How to extract music sources: bass, drums, vocals and other ? – music separation with AI

07 Sep 2021

calculator

In this article I will show how we can extract music sources: bass, drums, vocals and other accompaniments using neural networks.

Before you will continue reading please watch short introduction:

Separation of individual instruments from arranged music is another area where machine learning algorithms could help. Demucs solves this problem using neural networks.

The trained model (https://arxiv.org/pdf/1909.01174v1.pdf) use U-NET architecture which contains two parts encoder and decoder. On the encoder input we put the original track and after processing we get bass, drums, vocals and other accompaniments at the decoder output.

The encoder, is connected to the decoder, through additional LSTM layer, as well as residual connections between subsequent layers.

neural network architecture

Ok, we have neural network architecture but what about the training data ? This is another difficulty which can be handled by the unlabeled data remixing pipeline.

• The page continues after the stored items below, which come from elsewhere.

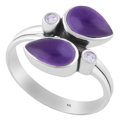 Stunning Multiple Gemstones Amethyst,White Cubic Zirconia Pear,Round Shape 925 Sterling Solid Silver Ring
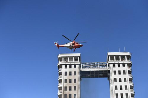 随着一阵飞机的轰鸣声,一架隶属于上海金汇通航的AW139医疗构型救援直升机正飞临救援现场,准备执行转运危重伤员任务。这家公司形成飞行、机务、运控、绞车手、救生员、医务等多专业协同、确保“平时服务、急时应急、战时应战”的专业航空救援队伍。目前已在全国28个省、市、自治区布机,并联合全国1387家120急救中心和医院打造立体化的空中救援网络,还在上海成立了全国首支民企航空专业民兵应急救援队伍。
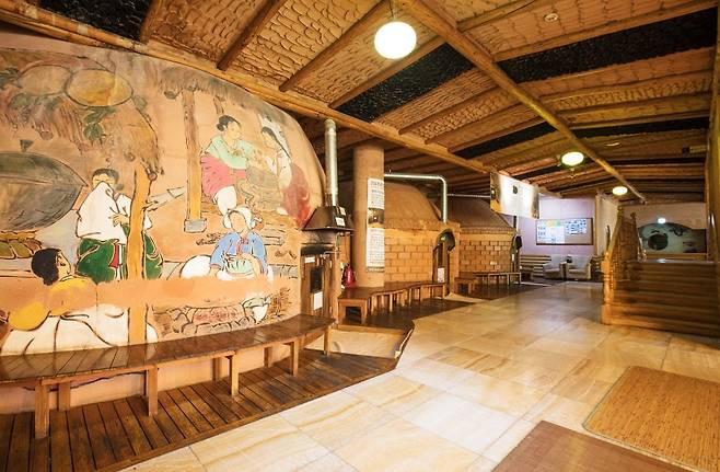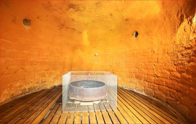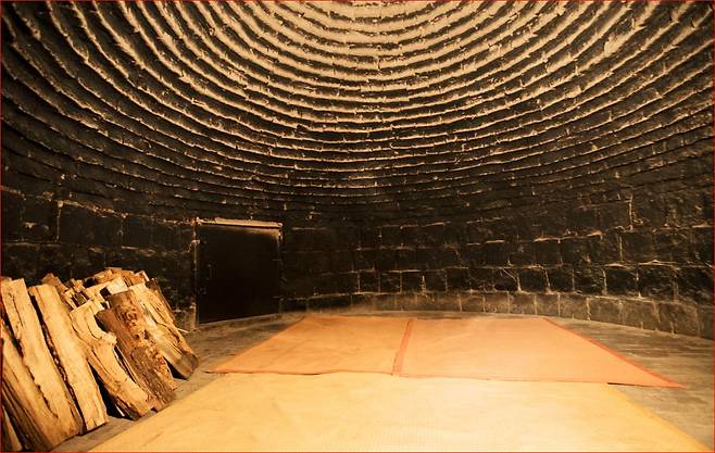 굴 형태의 불한증막(2층 높이 구조)에 앉아 있으면, 대지의 온기가 천천히 스며드는 느낌이 듭니다. 그래서 짧게 달아오르는 열이 아니라, 몸속 깊은 피로가 풀리는 ‘지속되는 따뜻함’이 남습니다.

We start with another classifier, which can find the parts of music, which do not contain the specific instruments, for example drums. Then, we mix it with well known drums signal, and separate the tracks using the model.

Now we can compare, the separation results, with known drums track and mixture of other instruments.

According to this, we can calculate the loss (L1 loss), and use it during the training.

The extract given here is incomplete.